Jin Ya-Nan, Yao Ji-Jin, Zhang Fan, Wang Si-Yang, Zhang Wang-Jian, Zhou Guan-Qun, Qi Zhen-Yu, Sun Ying
Department of Radiation Oncology, Sun Yat-sen University Cancer Center, State Key Laboratory of Oncology in South China, Collaborative Innovation Center for Cancer Medicine, Guangzhou 510060, Guangdong Province, People's Republic of China.
Department of Radiation Oncology, the Fifth Affiliated Hospital of Sun Yat-sen University, Zhuhai 519001, Guangdong Province, China.
J Cancer. 2017 Mar 12;8(6):976-982. doi: 10.7150/jca.18124. eCollection 2017.
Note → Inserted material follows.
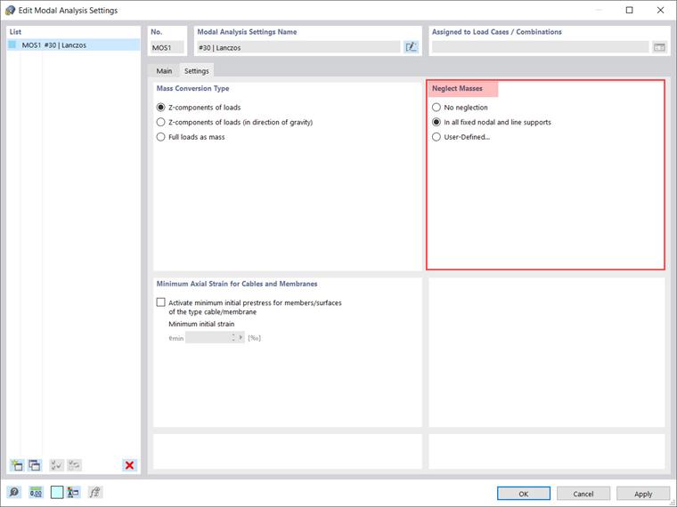 Поскольку эти проблемы часто возникают, RFEM 6 позволяет вам пренебрегать массой определённых частей конструкции для целей модального анализа. Способ, каким массы будут учитываться в модальном анализе, можно определить в параметрах модального анализа, как показано на Изображении 2. В отличие от опции "Не пренебрегать" (то есть, массы не будут пренебрегаться), можно выбрать между двумя опциями пренебрегания массами: пренебрегать массой во всех жёстко закреплённых узловых и линейных опорах, или создать самостоятельно выборку отдельных объектов.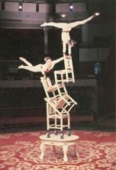 安徽杂技团表演的《排椅》是由七位小姑娘表演的,在国际少年杂技比赛中,她们各种倒立动作整齐、轻盈、舒展,宛如雏燕凌空,而且险象频生,扣人心弦,集难、险、美为一体。

The objective of this study was to confirm the association between pretreatment Epstein-Barr virus (EBV) DNA (pre-DNA) load and survival outcomes after long-term follow-up in patients with locoregionally advanced nasopharyngeal carcinoma (LA-NPC). Between November 2009 and February 2012, a total of 1036 patients with LA-NPC were enrolled. There were 762 patients in stage III and 274 in stage IVA-B. All patients were treated with radical radiotherapy with or without chemotherapy, and pre-DNA concentrations were quantified by a polymerase chain reaction assay. Patient outcomes were evaluated. The 5-year overall survival (OS), distant metastasis-free surviva (DMFS), locoregional relapse-free survival (LRFS), and progression-free survival (PFS) rates were 84.7%, 87.0%, 90.2%, and 77.1%, respectively. By using previously defined pre-DNA cutoff value (1500 copies/ml pretreatment), pre-DNA was an independent prognostic predictor for OS, DMFS, and PFS using log-rank test. Multivariate Cox analysis also confirmed these results. Subgroup analysis indicated that the 5-year OS, DMFS, and PFS rates in patients staged IVA-B with pre-DNA < 1500 copies/ml were similar to those patients staged III with pre-DNA ≥ 1500 copies/ml, whereas patients staged IVA-B patients with pre-DNA ≥ 1500 copies/ml predicted worse outcome. In this expanded study, the prognostic significance of pre-DNA was confirmed using predefined cutoff value in an independent patient group, and pre-DNA was identified as an independent prognostic marker for the risk stratification in LA-NPC.
本研究的目的是在局部区域晚期鼻咽癌(LA-NPC)患者长期随访后,确认预处理时的爱泼斯坦-巴尔病毒(EBV)DNA(pre-DNA)载量与生存结果之间的关联。2009年11月至2012年2月,共纳入1036例LA-NPC患者。其中III期患者762例,IVA-B期患者274例。所有患者均接受了根治性放疗,部分患者联合化疗,采用聚合酶链反应检测法对pre-DNA浓度进行定量。评估患者的预后情况。5年总生存率(OS)、无远处转移生存率(DMFS)、无局部区域复发生存率(LRFS)和无进展生存率(PFS)分别为84.7%、87.0%、90.2%和77.1%。使用先前定义的pre-DNA临界值(预处理时1500拷贝/ml),通过对数秩检验,pre-DNA是OS、DMFS和PFS的独立预后预测指标。多变量Cox分析也证实了这些结果。亚组分析表明,pre-DNA<1500拷贝/ml的IVA-B期患者的5年OS、DMFS和PFS率与pre-DNA≥1500拷贝/ml的III期患者相似,而pre-DNA≥1500拷贝/ml的IVA-B期患者预后较差。在这项扩大研究中,在一个独立患者组中使用预定义临界值证实了pre-DNA的预后意义,并将pre-DNA确定为LA-NPC风险分层的独立预后标志物。